WHAT YOU ARE ASKED TO DO: From the entries below, please output exactly the lines starting at the one containing "일부 한화 팬들의 메시지" and ending at the one containing "Photo Caption : An", both included.

DATA EXTRACTS:
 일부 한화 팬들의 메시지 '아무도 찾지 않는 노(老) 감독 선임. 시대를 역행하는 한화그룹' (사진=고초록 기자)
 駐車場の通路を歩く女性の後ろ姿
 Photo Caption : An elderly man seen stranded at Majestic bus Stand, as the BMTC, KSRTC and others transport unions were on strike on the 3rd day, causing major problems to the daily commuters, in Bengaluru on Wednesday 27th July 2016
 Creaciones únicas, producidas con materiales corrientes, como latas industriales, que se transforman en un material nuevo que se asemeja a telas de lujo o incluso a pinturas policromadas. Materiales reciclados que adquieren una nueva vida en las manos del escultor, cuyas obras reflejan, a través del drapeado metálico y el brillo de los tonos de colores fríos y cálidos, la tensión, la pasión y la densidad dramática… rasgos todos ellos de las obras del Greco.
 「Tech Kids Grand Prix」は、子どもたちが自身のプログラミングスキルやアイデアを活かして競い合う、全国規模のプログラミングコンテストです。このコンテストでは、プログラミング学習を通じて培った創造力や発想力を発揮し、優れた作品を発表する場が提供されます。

* * *

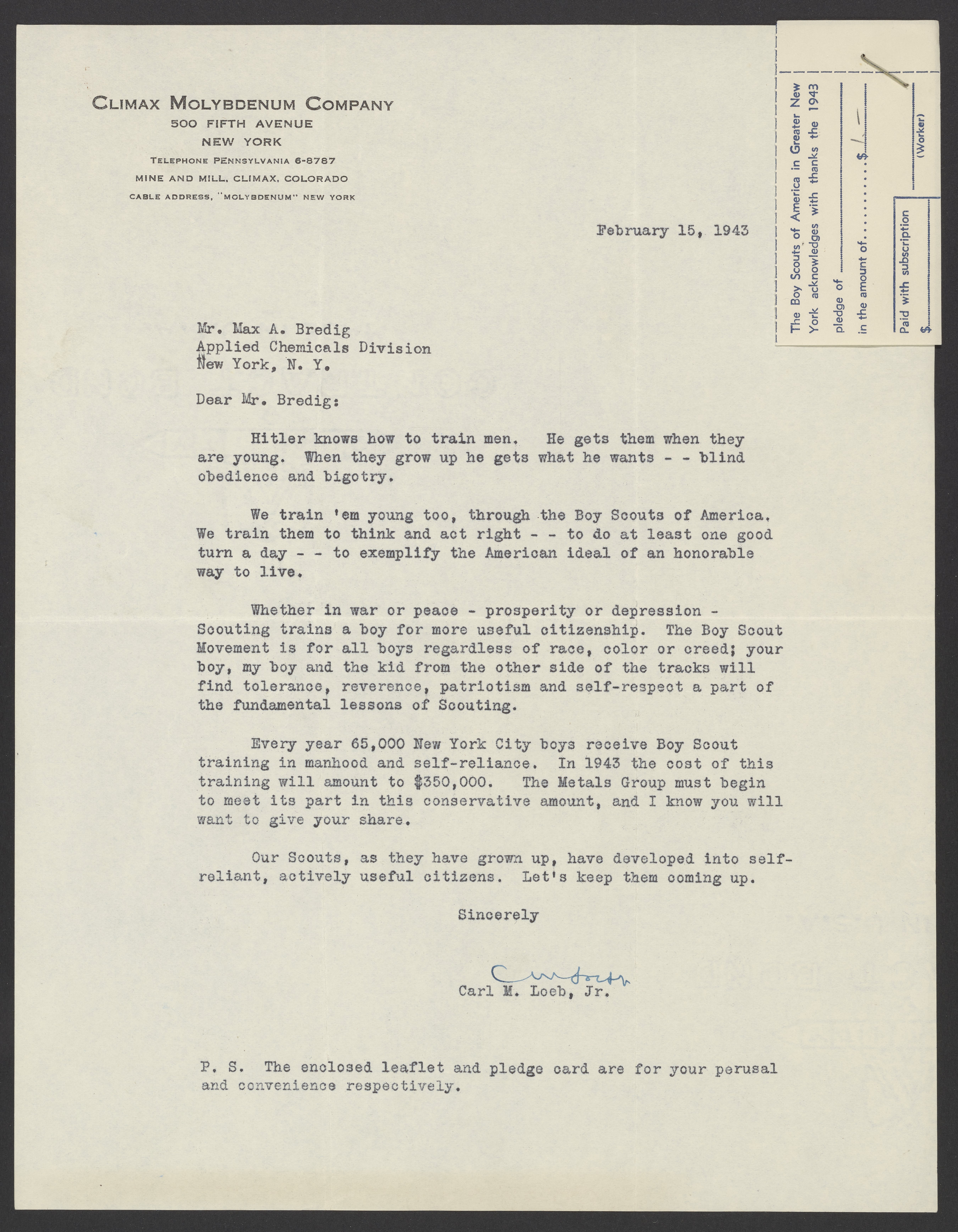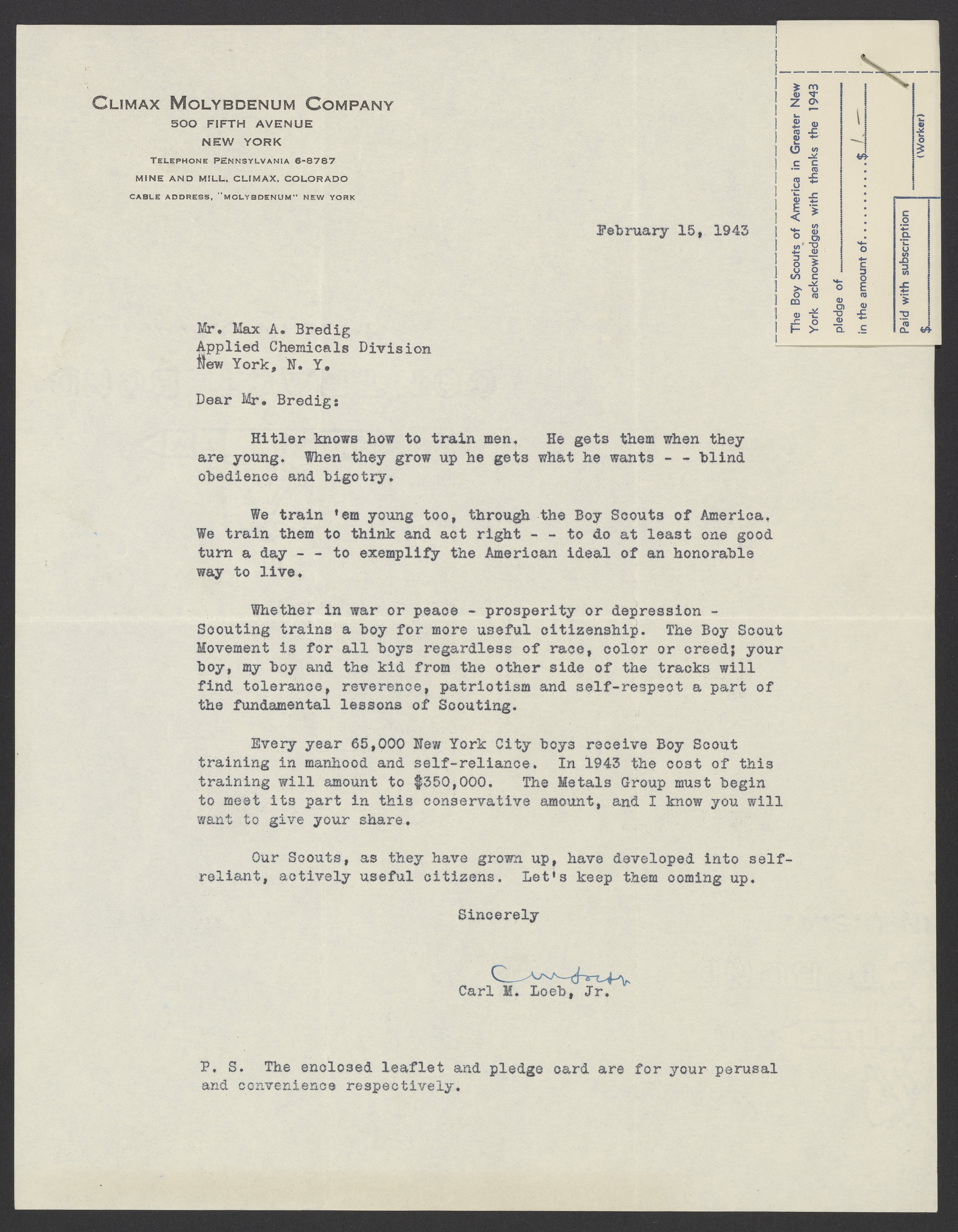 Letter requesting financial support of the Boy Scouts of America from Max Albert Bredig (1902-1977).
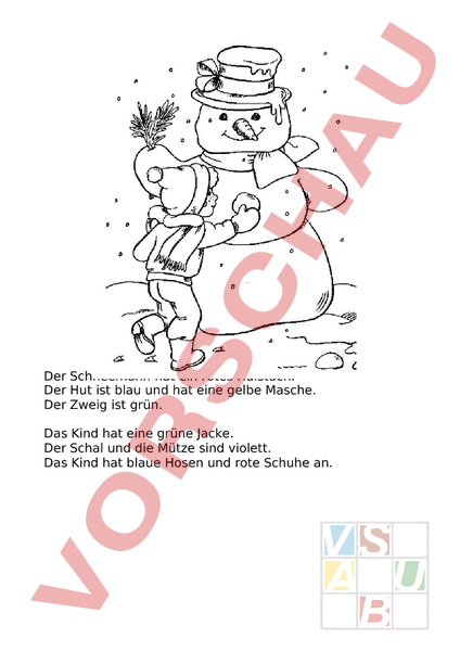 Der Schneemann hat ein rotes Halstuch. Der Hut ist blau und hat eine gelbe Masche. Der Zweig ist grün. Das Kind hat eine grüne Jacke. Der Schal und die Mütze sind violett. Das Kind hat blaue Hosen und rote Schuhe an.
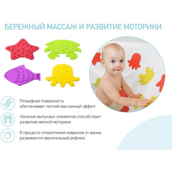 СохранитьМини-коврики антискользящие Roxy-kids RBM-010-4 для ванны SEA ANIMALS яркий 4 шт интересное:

ANSWER BOX:
 일부 한화 팬들의 메시지 '아무도 찾지 않는 노(老) 감독 선임. 시대를 역행하는 한화그룹' (사진=고초록 기자)
 駐車場の通路を歩く女性の後ろ姿
 Photo Caption : An elderly man seen stranded at Majestic bus Stand, as the BMTC, KSRTC and others transport unions were on strike on the 3rd day, causing major problems to the daily commuters, in Bengaluru on Wednesday 27th July 2016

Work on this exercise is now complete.